From the line containing "Vendor:African PrideCustom South" through the last line of the records below, output every line exactly, both ends included, except the pictures.

= DATA PROVIDED =
───

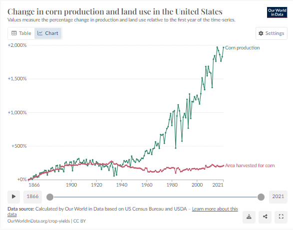 That’s a lot of people to find houses for, feed, and clothe. Early in The Industrial Revolution, economists like Thomas Malthus predicted that the world would be unable to produce enough food to feed the rapidly growing population. Yet somehow food production, which is nearly totally reliant on scarce resources (land and freshwater), has also grown exponentially. Look at the change in US corn production since 1866. It started growing exponentially around 1940 even though the area of land dedicated to corn production was essentially flat over the same time period:
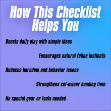 Unlike generic cat playbooks, this cat enrichment eBook combines playful variety, practical setups, and professional tips—all designed with your cat’s instincts in mind. With activities suitable for cats of all ages, you’ll always have a new way to keep your feline engaged and enriched. Whether it’s a rainy day or just part of your daily routine, this indoor cat checklist will help you build a life full of joy and adventure for your furry friend.
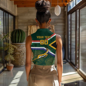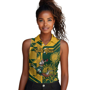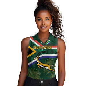 Vendor:African PrideCustom South Africa Rugby Women Sleeveless Polo Shirt Springboks With Protea Cynaroides LT18
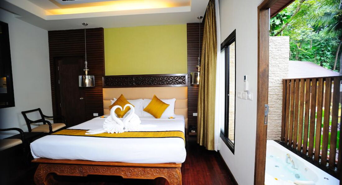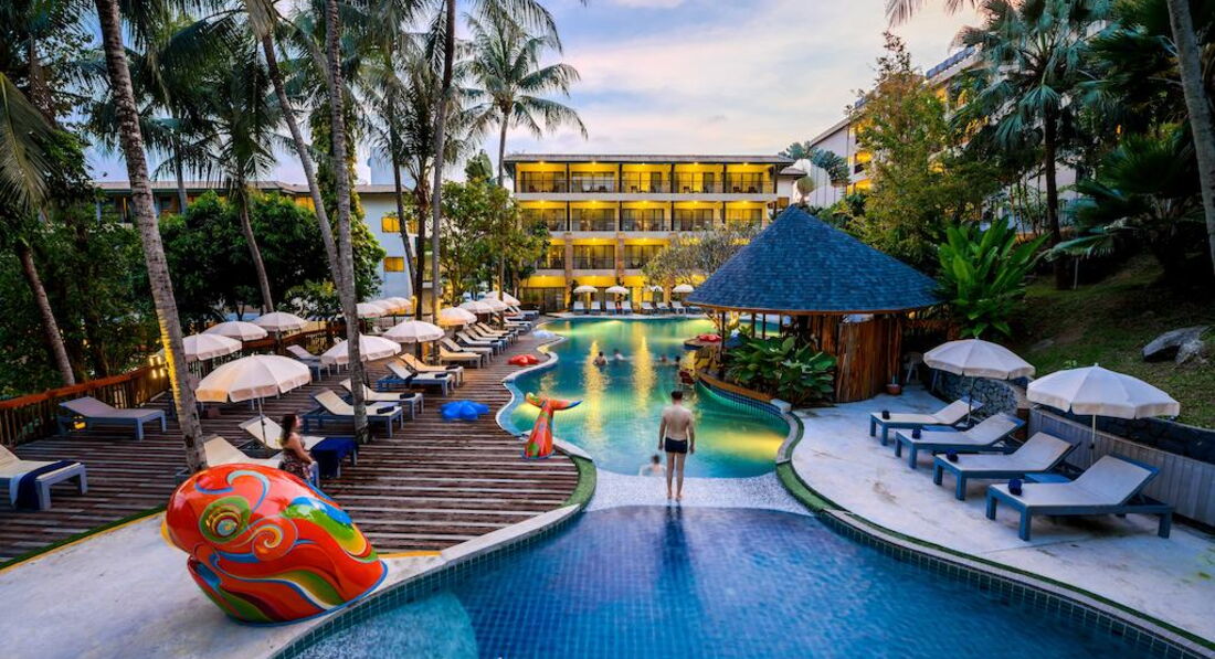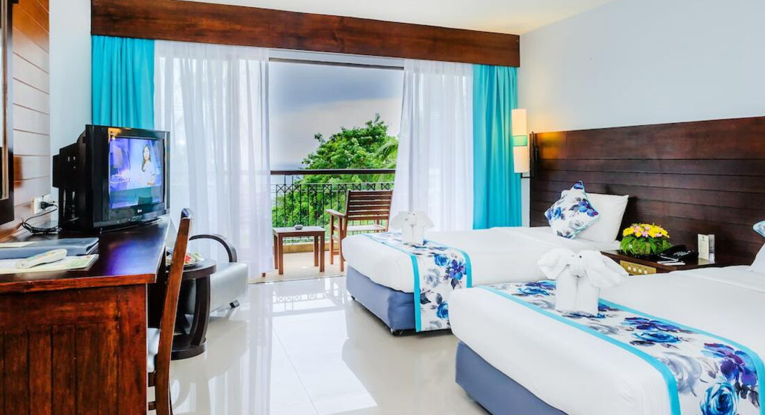 Курортний комплекс з видом на гори та Андаманське море розташований менш ніж за 10 хвилин ходьби від пляжу Ката.
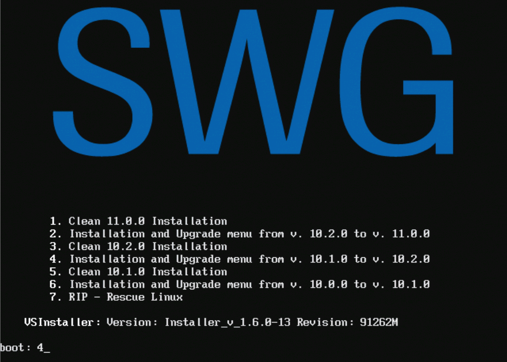 6. On reboot, make sure that the SWG server is booting from the hard drive, and not from the USB drive.
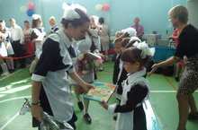 В МБОУ Зеленорощинское СОШ им. М.Горького прошла торжественная линейка посвященная Дню Знаний. Выпускники вручили подарочные тетради для первоклассников (8 учеников) Министерства экологии РТ.
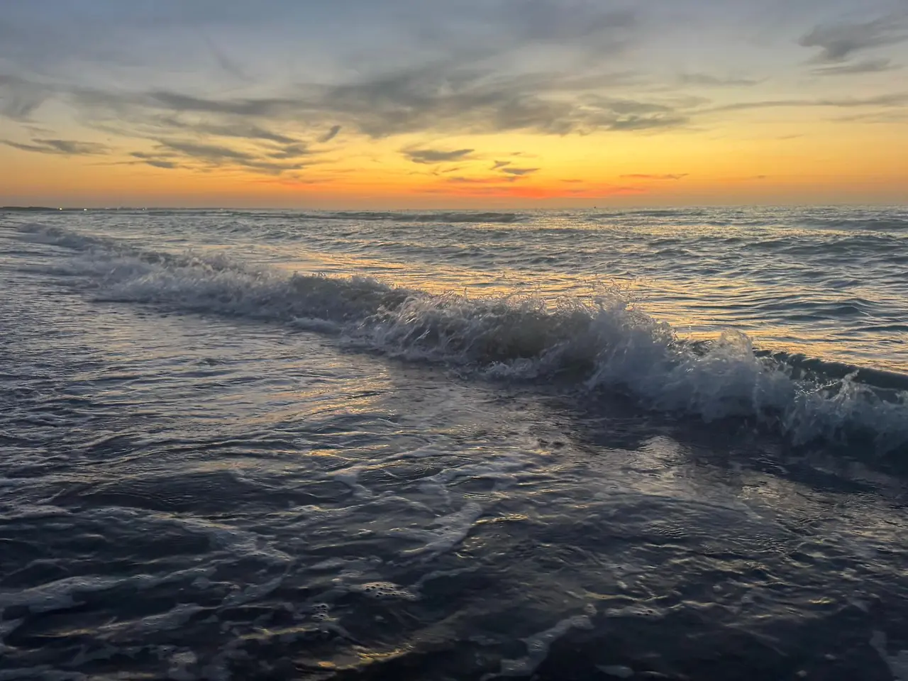 프랑스 노르망디의 카부르(Cabourg) 해변의 파도 (2024년 8월 4일 저녁 일몰을 바라보며)
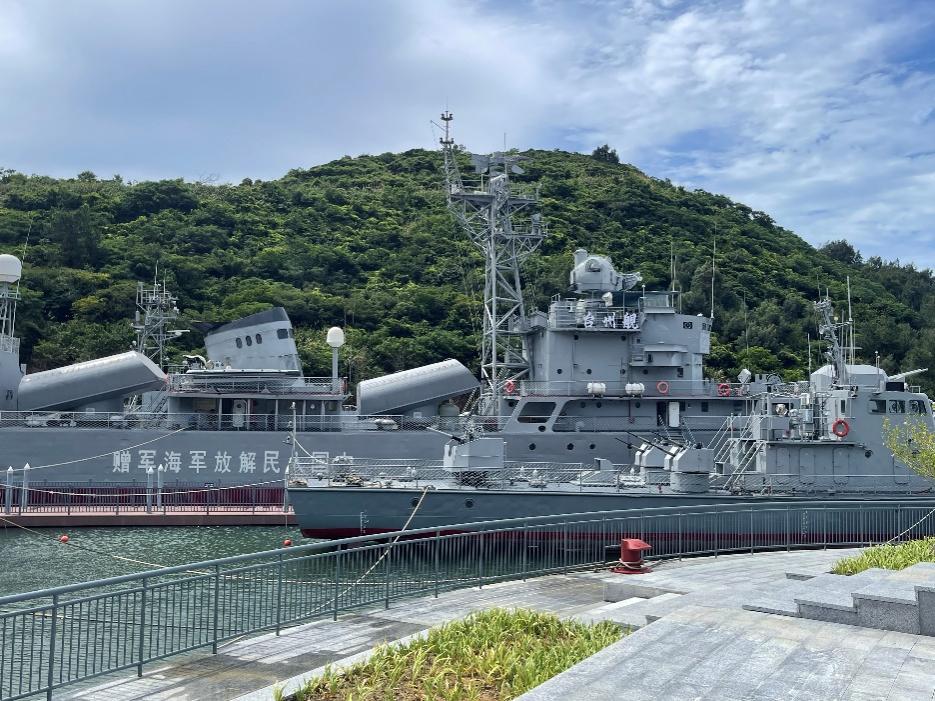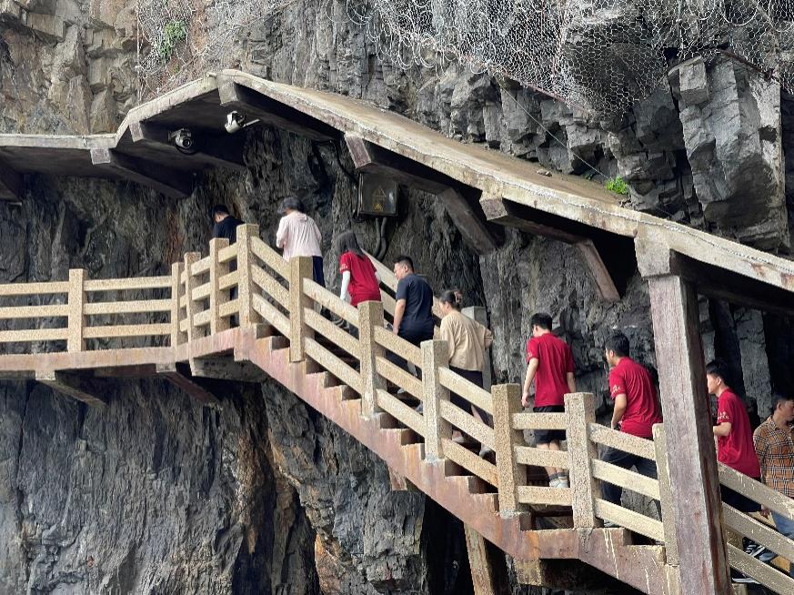 在乌沙头栈道,调研组实地感受了上大陈岛生态旅游发展成果。这条依山傍海的观光栈道,不仅为游客提供了欣赏海岛风光的绝佳视角,更体现了当地在开发建设中坚持生态优先、绿色发展理念。最后,调研组来到军事文化基地,登上中国人民解放军捐赠的“台州舰”进行参观。
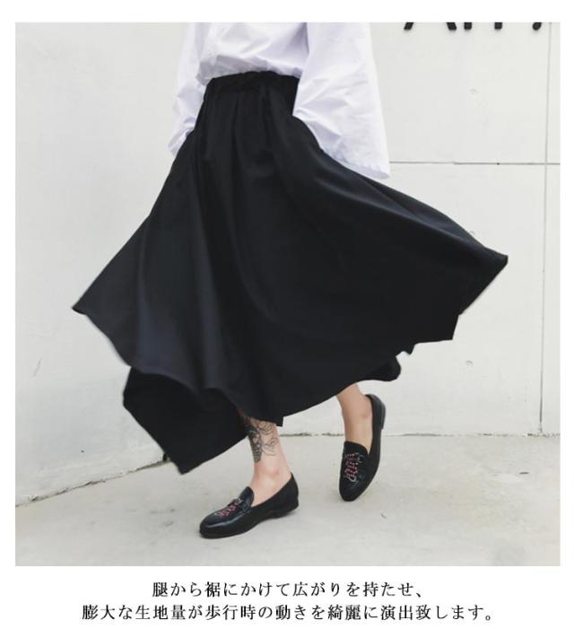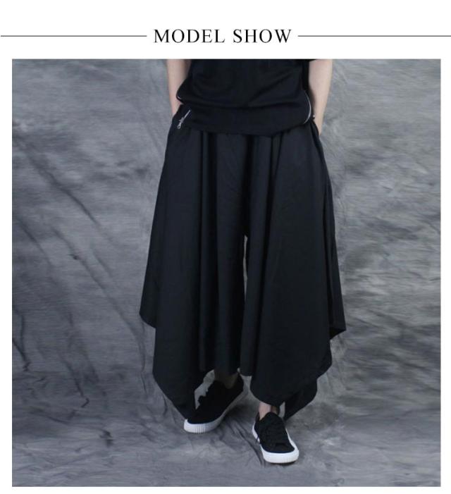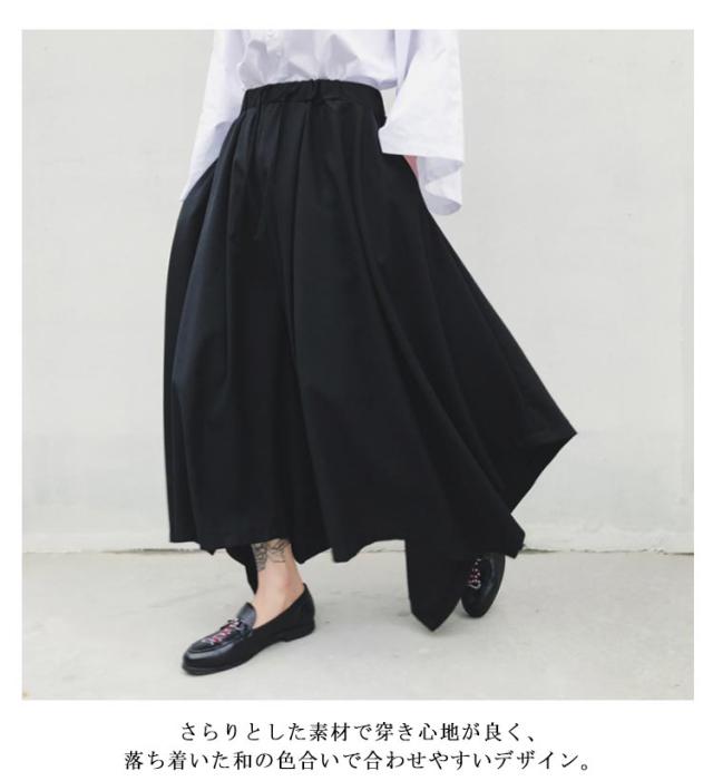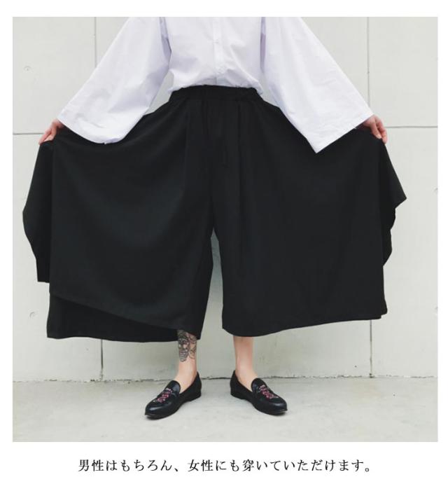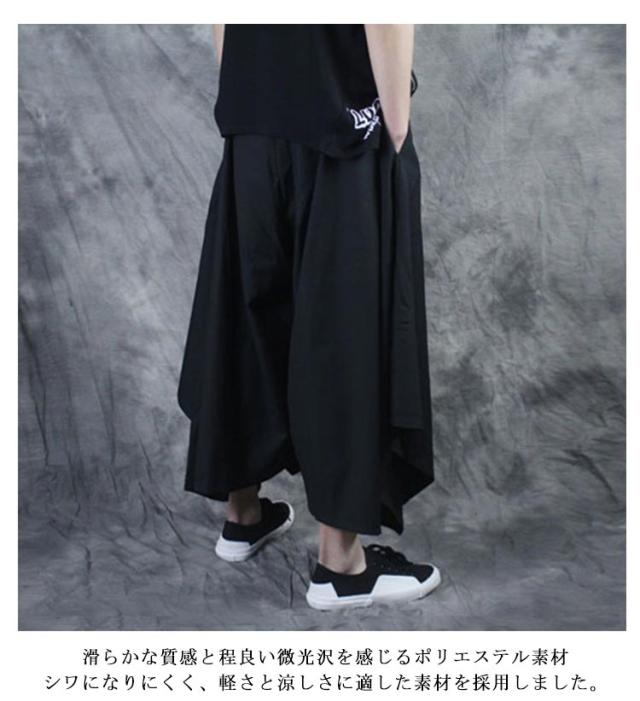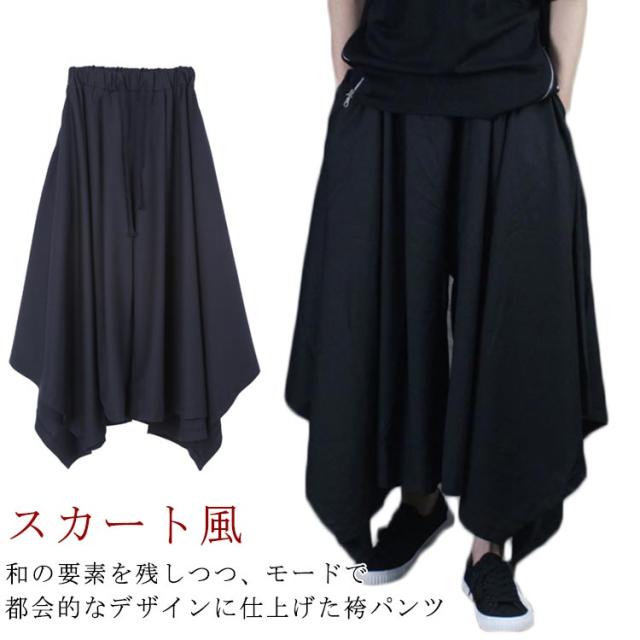 袴パンツ ワイドパンツ メンズ フレアパンツ v系 スカートパンツ スカート風 イレギュラー サルエルパンツ ロング丈 ゴムウエスト 薄手 落ち感 ストリート モード 大きいサイズ レディース ユニセックス 黒 ブラック 春 夏 秋 【送料無料】
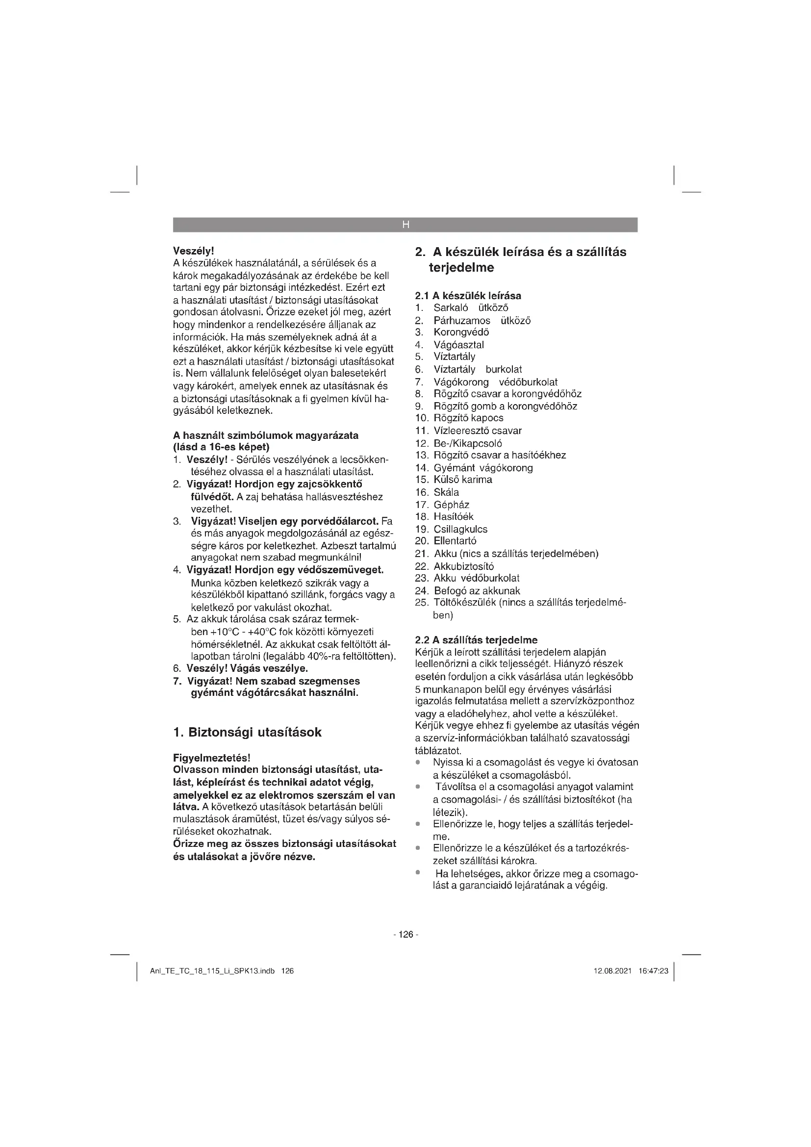 A szükséges zajcsökkentő füllvédő használa- tának mellőzésekor a hallás károdása. Kérjük vegye fi gyelembe, hogy a készülékeink a meghatározásuk szerint nem kisipari, kézműipari vagy ipari üzemek területén történő bevetésre lettek tervezve. Ezért a nem vállalunk szavatossá- got, ha a készülék kisipari, kézműipari vagy ipari üzemek területén valamint egyenértékű tevéke- nységek területén van használva. Anl_TE_TC_18_115_Li_SPK13.indb 128Anl_TE_TC_18_115_Li_SPK13.indb 128 12.08.2021 16:47:2312.08.2021 16:47:23H

───

= WRITTEN SOLUTION =
 Vendor:African PrideCustom South Africa Rugby Women Sleeveless Polo Shirt Springboks With Protea Cynaroides LT18
 Курортний комплекс з видом на гори та Андаманське море розташований менш ніж за 10 хвилин ходьби від пляжу Ката.
 6. On reboot, make sure that the SWG server is booting from the hard drive, and not from the USB drive.
 В МБОУ Зеленорощинское СОШ им. М.Горького прошла торжественная линейка посвященная Дню Знаний. Выпускники вручили подарочные тетради для первоклассников (8 учеников) Министерства экологии РТ.
 프랑스 노르망디의 카부르(Cabourg) 해변의 파도 (2024년 8월 4일 저녁 일몰을 바라보며)
 在乌沙头栈道,调研组实地感受了上大陈岛生态旅游发展成果。这条依山傍海的观光栈道,不仅为游客提供了欣赏海岛风光的绝佳视角,更体现了当地在开发建设中坚持生态优先、绿色发展理念。最后,调研组来到军事文化基地,登上中国人民解放军捐赠的“台州舰”进行参观。
 袴パンツ ワイドパンツ メンズ フレアパンツ v系 スカートパンツ スカート風 イレギュラー サルエルパンツ ロング丈 ゴムウエスト 薄手 落ち感 ストリート モード 大きいサイズ レディース ユニセックス 黒 ブラック 春 夏 秋 【送料無料】
 A szükséges zajcsökkentő füllvédő használa- tának mellőzésekor a hallás károdása. Kérjük vegye fi gyelembe, hogy a készülékeink a meghatározásuk szerint nem kisipari, kézműipari vagy ipari üzemek területén történő bevetésre lettek tervezve. Ezért a nem vállalunk szavatossá- got, ha a készülék kisipari, kézműipari vagy ipari üzemek területén valamint egyenértékű tevéke- nységek területén van használva. Anl_TE_TC_18_115_Li_SPK13.indb 128Anl_TE_TC_18_115_Li_SPK13.indb 128 12.08.2021 16:47:2312.08.2021 16:47:23H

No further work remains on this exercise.